He's lost his keys for the second time this week. And his fingers tap out my number on his cell-phone before he actually thinks about calling me. There are moments when it makes me feel like a mother, when I see his name on the caller ID next to my bedroom phone, when I know he's calling me because something has gone wrong. But most of the time it makes my chest feel very full.

"Hello?"

"Sean? You asleep?"

"Yeah," I answer, clearing my throat and voice of sleep as best I can.

"I didn't leave my keys in your car, by any chance, did I?" he asks, sounding apologetic.

"Don't think so," I say, feeling the déjà vu, because we've had this conversation before, and also smiling, because I know what's coming and I can see the furrow of God-I-must-be-such-a-bother between his eyebrows.

"Could you...?"

"I'll look around. Call you back in five?"

"Thanks, man."

"No problem."

It should be strange climbing out of bed and pulling on jeans and a sweatshirt to search my living room and car for someone else's keys. But it's not. And come to think of it, it wasn't even strange the first time it happened.

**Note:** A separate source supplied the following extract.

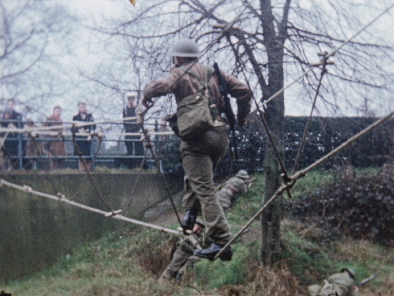 This amazing colour record of Woking's Home Guard in action shows just what was expected of them should the invader come. We see various exercises on a firing range as well as patrols along the town's streets. Explosions come thick and fast with a variety of weapons, either fired or thrown, while men cross the Basingstoke Canal on a precarious rope bridge, much to the delight of civilian spectators. The film ends with an outdoor fete and pageant for local schoolchildren.

I find the glittery, cold jumble of keys on the driveway near the car, just next to the passenger side door. Smiling, I pocket them, and straighten out my own keys while sinking into the driver's seat and starting up the engine. The world is a silent, cold blue-black all around me and I feel as if it's pressing down on the outside of the car.

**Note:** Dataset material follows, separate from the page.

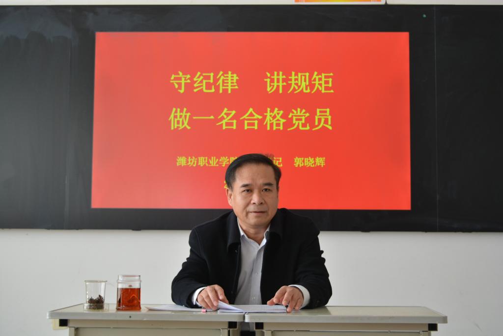 郭晓辉结合党史和党的纪律建设要求,论述了作为党员干部守纪律、讲规矩的重要性。他说,党的十八大以来,党中央全面加强党的纪律建设,严厉惩治腐败,坚决克服组织涣散、纪律松弛现象,维护了党的团结统一,增强了党的凝聚力和战斗力。同时也要看到,党内还存在一些无视党的纪律、破坏党的规矩现象,有的还相当严重。一些党员法纪意识、制度意识、规矩意识淡薄,顶风违纪、违反八项规定精神的问题时有发生。他要求全体党员特别是党员领导干部要牢固树立起纪律意识和规矩意识,坚决做到政治信仰不变、政治立场不移、政治方向不偏,在政治上讲忠诚、组织上讲服从、行动上讲纪律,坚决维护党的团结统一,坚定不移与党中央保持高度一致。他还结合国内外的一些事例,阐述了一个执政党,如果没有了规矩,就会丧失战斗力,就会失去民心,得不到群众的拥护和支持,就会失去执政地位,国家也会丧失凝聚力,存在亡党亡国的危险,因此必须讲规矩有纪律。

My head's sort of floating with waking up from the temperature and the odd rumble of the car under my body that was relaxed in sleep ten minutes before. For a few seconds, it seems truly unreal, and I watch myself in the third person—how insane he looks, this guy sloppily dressed with sleep in his eyes, going to his co-star's house on what is no more than an errand-favor. How thoroughly unglamorous.

But it can't be any other way, can it? And if you were to ask me to tell you why in a phrase or two, I couldn't.

He's curled up knees-to-chest outside his door when I pull my car into his driveway. Already toting a huge smile, I feel his presence slide firmly under my skin, and it touches me in different ways—making my head fill up with empty noise, making my body warm, making me feel self-conscious.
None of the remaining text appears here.